胸にガツンと(キャラ紹介6)
「ココナが着いていながら何でこんなのを選ばせたの!」
ビタミンカステラ先輩がポニテ先輩に怒られている。
「だってなあ……これがいいって聞かないから……」
「すみません、胸にガツンと来たんです、すみません」
必死に弁解する果々子。
四月二十九日、月曜日、昭和の日。
有志の『裏カレー大会』開催の日。場所は寮の前庭のピクニックベンチ。
しかし調理をする為に集まった一同は、果々子の持っている『それ』に、何とも言えない顔を見合わせて、大きな息を吐いている。
昨日、ビタミンカステラ先輩に連れられて訪れた都会の山用品店で、果々子はとりどりの携帯コンロに目を惑わされた。
「色々あり過ぎて迷ってしまいます」
「今日は下見だけでいいんじゃない? パンフ貰って帰ってゆっくり検討すればいいよ」
先輩はガスカートリッジと糧食を買い、それで店を出たのだが、通りすがりの珈琲店のウインドウで、果々子の目が釘付けになった。
「ビタミ……南原先輩、あれ何ですか」
そこには渋い色合いのディスプレイで、アンティーク調のランプやミル等が並べられていたのだが……
「ああ、まぁあれも携帯ストーヴの一種だけれど……」
「わたし、あれがいいです!!」
「いや待って、あれは多分売り物じゃないって……ちょっと、遠山さん!」
先輩を置いて、果々子はズンズンと店に入ってしまった。
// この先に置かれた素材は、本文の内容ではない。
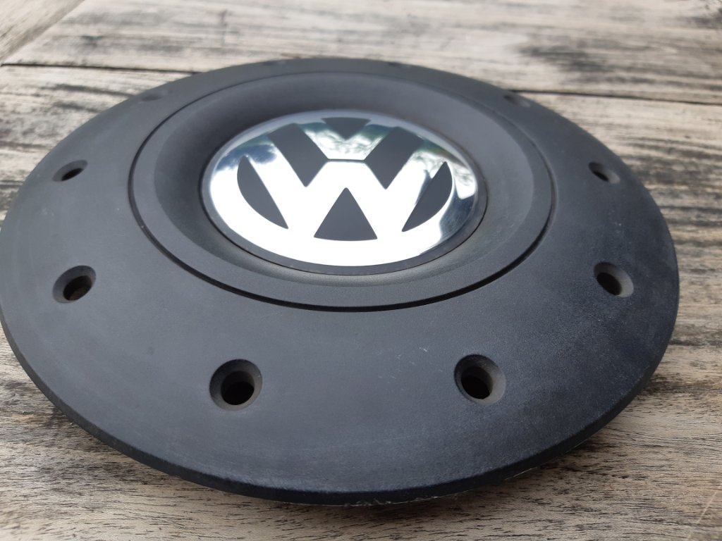 Op het terug naar buiten stekende stukje velg bij de naaf hadden we toen met montagekit de zwart gespoten VW logo's vast gezet, en die zijn we nooit verloren. Wiel er af en het naafkapje bleef gewoon op de velg zitten. De wielbouten hadden we toen hoogglans zwart gespoten, zelfde kleur als het naafkapje.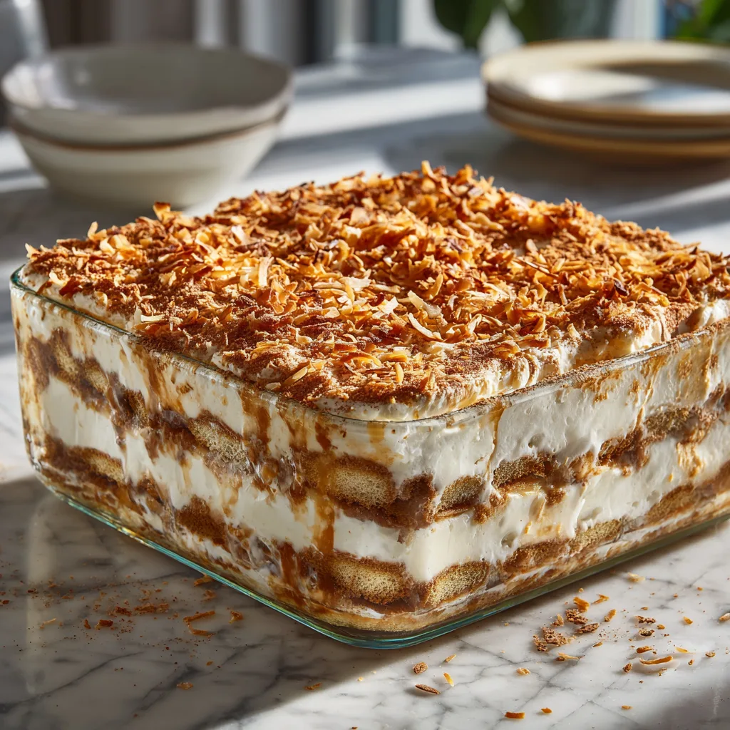 - Repeat the soaking and layering process with remaining ladyfingers, creating a second cookie layer over the cream, then top with the final portion of mascarpone coconut mixture, smoothing the top surface as evenly as possible.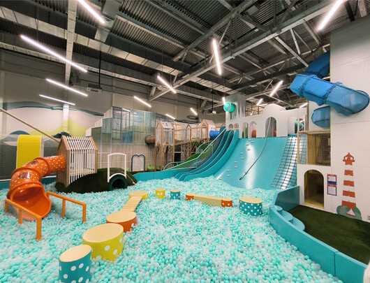 Robotic fire suppression system RFSS-12FR-LSD-S15Ub-IR based on firefighting mini-robots for the protection of retail premises and a family entertainment center.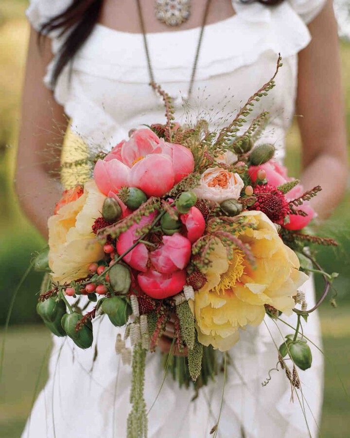 For a more rustic style, choose flowers that look as if they have just been plucked from the wild. Charm and gold peonies are offset by seeded grass heads, poppy buds and cabbage roses – the end result is a wild, loose peony bouquet, ideal for a shabby-chic style wedding.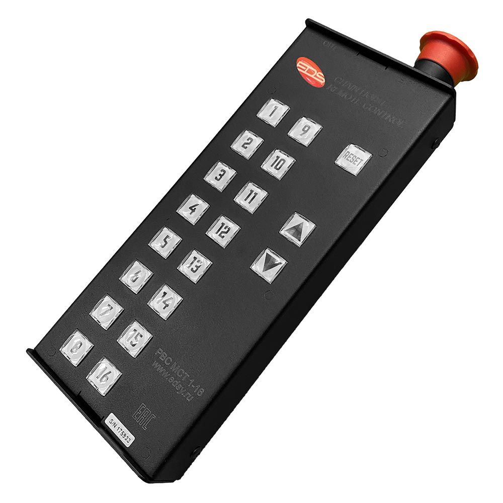 EDS PBC MCT 1-16WT — беспроводной выносной пульт для управления мотор-контроллерами серии PB MCR от EDS. Он рассчитан на управление до 16 каналами и позволяет работать на безопасной дистанции от зоны подъёма/перемещения конструкций.

普段小心者な癖に思い込んだら猪突猛進は、忘れた頃に発動する。
「売り物じゃないしなあ……」
カウンターのマスターに同じ事を言われている果々子に、先輩はやっと追い付いた。
「遠山さん、あれならさっき秀缶壮にあったでしょ?」
「本当ですか? ありましたか、あんな素敵な、美しい色のコンロ」
「ああ」
壮年の、よく雪焼けのしたマスターがニコッと微笑んだ。
「あれは育てる物だから」
そうして、店の二階に上がってクッキー缶みたいなのを持って下りて来て、果々子たちの目の前で展示品より少し小さい『それ』を組み立ててくれた。
「昔、大中小で揃えたんだけれど、中だけ使い処が無かったんだよね」
「これは育てるコンロなんですって。だから私もこれから育てるんです!」
通りすがりの珈琲店のマスターに格安で譲って貰ったという新古の『マナスル121』を前に、元気に言い切る果々子。
先輩たちは呆れて脱力しながら、ピカピカ光る真鍮を眺める。
この金ぴかを、あの珈琲店のウインドウにあった奴みたいに深みのある飴色に育てるんだ!
胸踊らせる果々子の頭からは、この灯油コンロが笑っちゃうほど人を選ぶ事や、きめ細かな点火手順を誤るとエラい目に遭う事など、親切なマスターがレクチャーしてくれた教示は吹っ飛んでいる。
確かに美しいフォルムのコンロなのだ。誰だって一度は目に止める。だけれど、憧れと実用を天秤にかけて多くの者は首を振る。
(この子、顔だけのダメンズに引っ掛かる素質アリアリだわ……)
先輩たちは心ひそかに心配した。